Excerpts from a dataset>
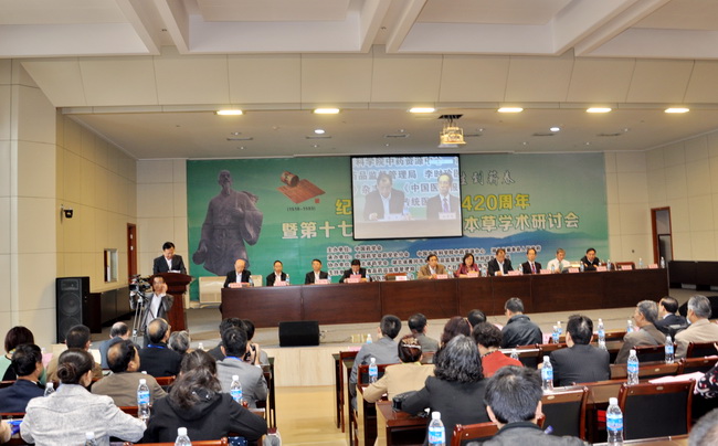 25日,會議開幕式由中國藥學(xué)會藥學(xué)史專業(yè)委員會副主任委員、廣東省藥學(xué)會藥學(xué)史專業(yè)委員會主任委員梅全喜主持,中國藥學(xué)會藥學(xué)史專業(yè)委員會主任委員郝近大致開幕詞,蘄春縣人民政府縣長趙少蓮和中國藥學(xué)會副秘書長陳兵教授講話,蘄春縣人大副主任王劍宣讀李時珍逝世420周年紀念文。開幕式上還放映了由健康衛(wèi)視攝制的《本草綱目》大型文獻紀錄片——從“艾”開始,并舉行了由梅全喜教授主編、中國中醫(yī)藥出版社出版的《艾葉的研究與應(yīng)用》新書首發(fā)式暨贈書儀式,梅全喜教授向蘄春縣李時珍中醫(yī)藥圖書館、蘄春縣李時珍紀念館及參會代表贈書。出席大會的中國藥學(xué)會副理事長、中國中醫(yī)科學(xué)院副院長黃璐琦教授、中國中醫(yī)科學(xué)院中國醫(yī)史文獻研究所萬芳研究員、安徽中醫(yī)藥大學(xué)副校長彭代銀教授,臺灣中國醫(yī)藥大學(xué)謝云忠教授,湖南中醫(yī)藥大學(xué)藥學(xué)院原院長李鐘文教授、南京中醫(yī)藥大學(xué)醫(yī)史文獻研究所副所長陳仁壽教授以及廣東省藥學(xué)會藥學(xué)史分會主委梅全喜教授、副主委趙中振教授、曹暉教授等做了精彩的學(xué)術(shù)報告。 26日上午全體代表參加了第23屆李時珍中藥材交易會開幕儀式,并參觀了李時珍醫(yī)藥集團、李時珍紀念館及李時珍陵園,向李時珍墓前敬獻花籃,追思醫(yī)圣的豐功偉績。
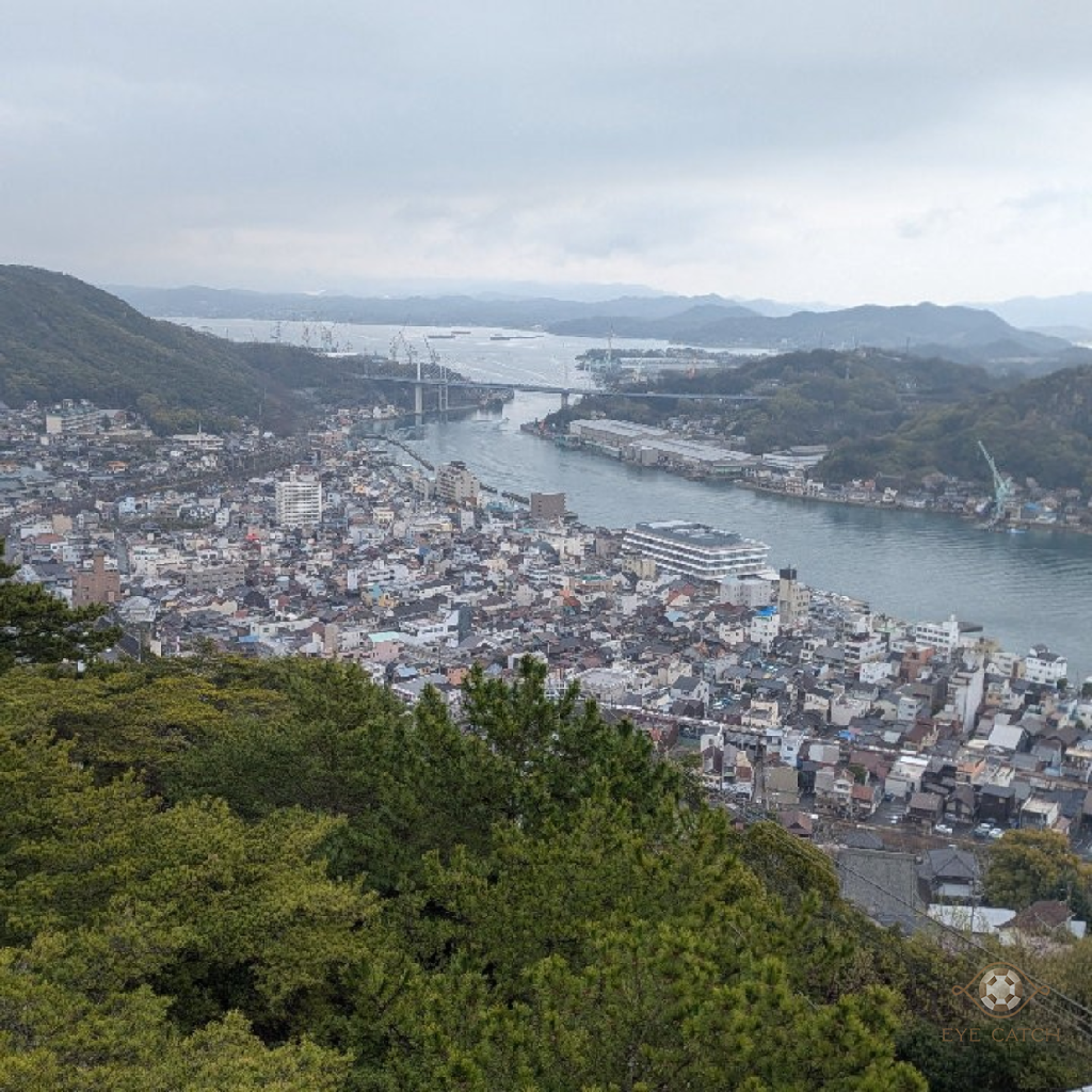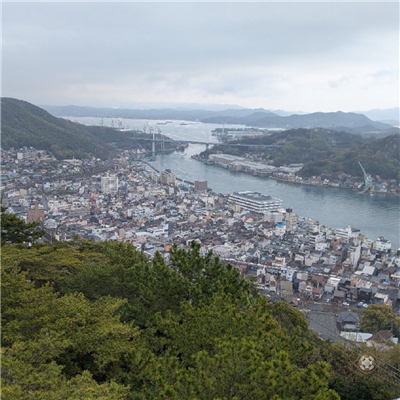 上山會先看到艮神社的大樹。 下車後走出車站馬上就到展望台。 在此可以一覽無遺地欣賞尾道夾山靠海頗具有層次感的景觀。 市區旁的「大河」其實是本州島與對面陸地向島之間的一個小海峽,左手遠處「出海」處也還是瀨戶內海左手揣右手。
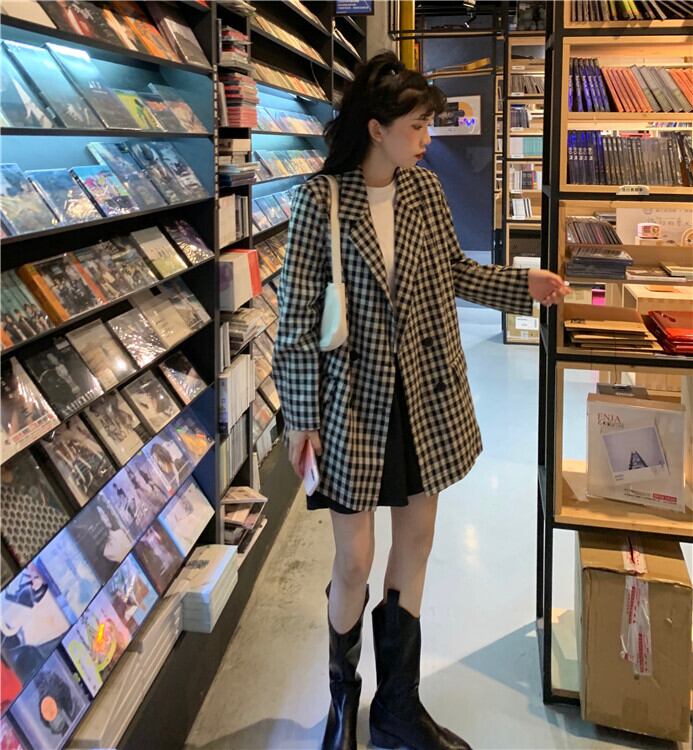 スプリングスタンダード格子柄ジャケット ルーズ レトロ 春物 クレセントシティ28176909273
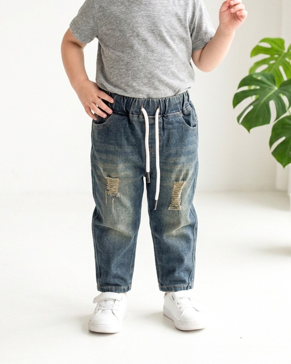 شلوار جین زاپ دار کمرکش بچه گانه 1746
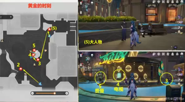 3)接着追踪任务先去下图3位置【旁听】后,再去4电视机位置【调查】一下,最后找5位置和【费曼】对话后开始【辩论】
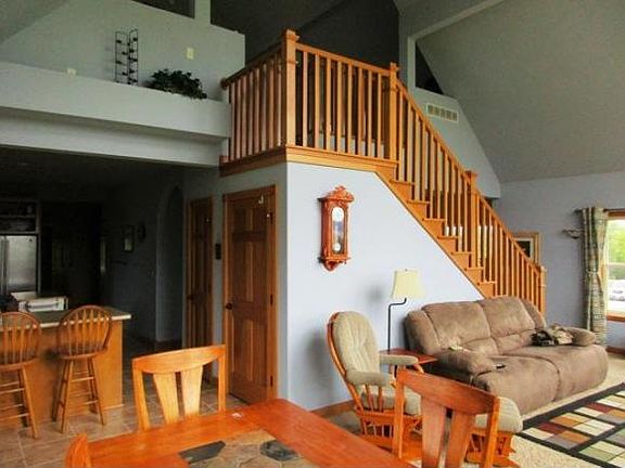 Energy Star home w/pond & sunset views on almost 10 acres w/ATV trails. Great room has wall of windows & soaring ceilings. 2 pantries in kitchen. 3 main floor bedrooms. Walk-out lower w/8' ceiling & theater room. Insulated garage w/water, floor drains & basement access. Unfinished area in upper & lower could expand sq ft to over 4100. Asking price based on finished areas only. Sq ft per seller.
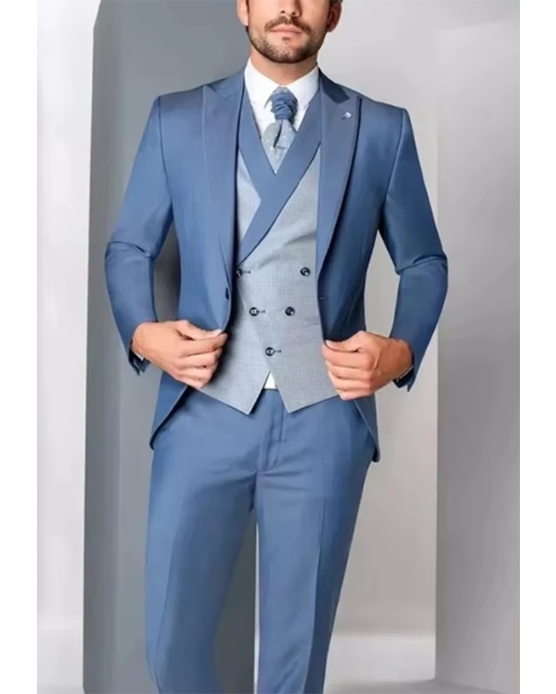 Traje de esmoquin de boda azul de corte entallado para hombre, 3 piezas, chaqueta + pantalón + chaleco CS1023

Directions> Quote exactly, and only, the lines from the one containing "Energy Star home" through the last line of the records above, both included; leave out any pictures.

Result for this exercise>
 Energy Star home w/pond & sunset views on almost 10 acres w/ATV trails. Great room has wall of windows & soaring ceilings. 2 pantries in kitchen. 3 main floor bedrooms. Walk-out lower w/8' ceiling & theater room. Insulated garage w/water, floor drains & basement access. Unfinished area in upper & lower could expand sq ft to over 4100. Asking price based on finished areas only. Sq ft per seller.
 Traje de esmoquin de boda azul de corte entallado para hombre, 3 piezas, chaqueta + pantalón + chaleco CS1023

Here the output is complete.